[Data for this exercise — start]

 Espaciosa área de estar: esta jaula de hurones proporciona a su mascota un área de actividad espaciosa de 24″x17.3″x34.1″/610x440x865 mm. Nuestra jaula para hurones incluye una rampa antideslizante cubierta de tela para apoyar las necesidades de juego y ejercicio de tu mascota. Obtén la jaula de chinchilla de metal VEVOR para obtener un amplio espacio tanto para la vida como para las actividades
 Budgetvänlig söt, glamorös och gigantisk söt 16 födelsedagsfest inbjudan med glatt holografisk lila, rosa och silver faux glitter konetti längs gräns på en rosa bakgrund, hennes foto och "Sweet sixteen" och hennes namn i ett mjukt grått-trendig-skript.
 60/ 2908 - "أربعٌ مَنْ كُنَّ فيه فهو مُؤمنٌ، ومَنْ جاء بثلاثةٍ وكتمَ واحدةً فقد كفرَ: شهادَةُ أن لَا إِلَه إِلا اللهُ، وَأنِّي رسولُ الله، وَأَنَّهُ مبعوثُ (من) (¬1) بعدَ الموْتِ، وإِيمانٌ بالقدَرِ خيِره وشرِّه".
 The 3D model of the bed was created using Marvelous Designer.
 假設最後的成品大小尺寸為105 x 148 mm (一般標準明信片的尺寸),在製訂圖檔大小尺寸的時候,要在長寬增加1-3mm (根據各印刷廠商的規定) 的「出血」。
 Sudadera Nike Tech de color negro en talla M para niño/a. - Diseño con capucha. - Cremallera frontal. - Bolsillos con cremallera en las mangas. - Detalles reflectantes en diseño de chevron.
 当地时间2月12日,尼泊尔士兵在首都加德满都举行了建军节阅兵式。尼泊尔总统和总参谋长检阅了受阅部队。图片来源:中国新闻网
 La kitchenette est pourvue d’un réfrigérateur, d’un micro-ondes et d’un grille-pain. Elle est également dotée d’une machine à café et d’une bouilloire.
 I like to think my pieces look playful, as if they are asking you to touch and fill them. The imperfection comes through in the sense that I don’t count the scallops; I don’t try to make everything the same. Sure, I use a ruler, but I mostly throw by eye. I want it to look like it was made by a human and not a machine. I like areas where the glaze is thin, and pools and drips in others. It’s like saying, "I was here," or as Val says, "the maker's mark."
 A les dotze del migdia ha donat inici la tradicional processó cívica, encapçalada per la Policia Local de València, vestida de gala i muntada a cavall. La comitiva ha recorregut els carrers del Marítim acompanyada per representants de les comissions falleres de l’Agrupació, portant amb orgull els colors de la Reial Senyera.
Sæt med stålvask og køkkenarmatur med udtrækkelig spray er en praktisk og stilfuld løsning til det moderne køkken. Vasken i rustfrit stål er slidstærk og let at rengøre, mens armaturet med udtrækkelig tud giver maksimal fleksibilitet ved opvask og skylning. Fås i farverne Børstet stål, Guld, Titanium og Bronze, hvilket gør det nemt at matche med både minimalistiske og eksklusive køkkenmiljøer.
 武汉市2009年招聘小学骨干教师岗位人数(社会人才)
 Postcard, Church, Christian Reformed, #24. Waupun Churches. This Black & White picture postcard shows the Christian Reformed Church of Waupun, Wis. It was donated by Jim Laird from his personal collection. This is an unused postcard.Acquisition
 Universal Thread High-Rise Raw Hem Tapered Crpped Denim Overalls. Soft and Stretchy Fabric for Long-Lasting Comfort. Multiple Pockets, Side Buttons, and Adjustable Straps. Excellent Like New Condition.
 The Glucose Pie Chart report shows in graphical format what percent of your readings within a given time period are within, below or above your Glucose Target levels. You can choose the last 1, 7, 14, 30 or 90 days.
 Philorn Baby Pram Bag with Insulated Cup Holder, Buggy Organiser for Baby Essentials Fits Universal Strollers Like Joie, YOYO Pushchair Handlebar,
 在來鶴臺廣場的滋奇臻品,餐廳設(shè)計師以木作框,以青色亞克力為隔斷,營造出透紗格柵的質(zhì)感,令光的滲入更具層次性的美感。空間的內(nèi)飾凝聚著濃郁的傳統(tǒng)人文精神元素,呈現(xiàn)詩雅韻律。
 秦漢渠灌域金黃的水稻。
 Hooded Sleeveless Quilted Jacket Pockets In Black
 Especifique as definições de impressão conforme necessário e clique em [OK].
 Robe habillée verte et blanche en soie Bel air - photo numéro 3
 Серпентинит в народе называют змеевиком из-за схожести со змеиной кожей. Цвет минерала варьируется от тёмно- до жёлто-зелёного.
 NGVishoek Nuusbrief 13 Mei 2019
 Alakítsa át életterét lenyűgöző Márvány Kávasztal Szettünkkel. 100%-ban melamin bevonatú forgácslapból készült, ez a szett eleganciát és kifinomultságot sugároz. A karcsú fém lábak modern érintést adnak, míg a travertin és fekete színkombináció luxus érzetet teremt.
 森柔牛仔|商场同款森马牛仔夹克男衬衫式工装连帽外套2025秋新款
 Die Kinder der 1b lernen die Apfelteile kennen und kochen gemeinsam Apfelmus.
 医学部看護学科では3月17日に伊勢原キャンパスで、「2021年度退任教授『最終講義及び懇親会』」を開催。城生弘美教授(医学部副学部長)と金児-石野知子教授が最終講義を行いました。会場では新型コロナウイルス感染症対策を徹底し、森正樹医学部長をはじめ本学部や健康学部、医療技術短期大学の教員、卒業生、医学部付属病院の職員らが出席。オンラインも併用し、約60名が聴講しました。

[Data for this exercise — finish]

If a line in the data holds the string "shows", copy that line.

 Postcard, Church, Christian Reformed, #24. Waupun Churches. This Black & White picture postcard shows the Christian Reformed Church of Waupun, Wis. It was donated by Jim Laird from his personal collection. This is an unused postcard.Acquisition
 The Glucose Pie Chart report shows in graphical format what percent of your readings within a given time period are within, below or above your Glucose Target levels. You can choose the last 1, 7, 14, 30 or 90 days.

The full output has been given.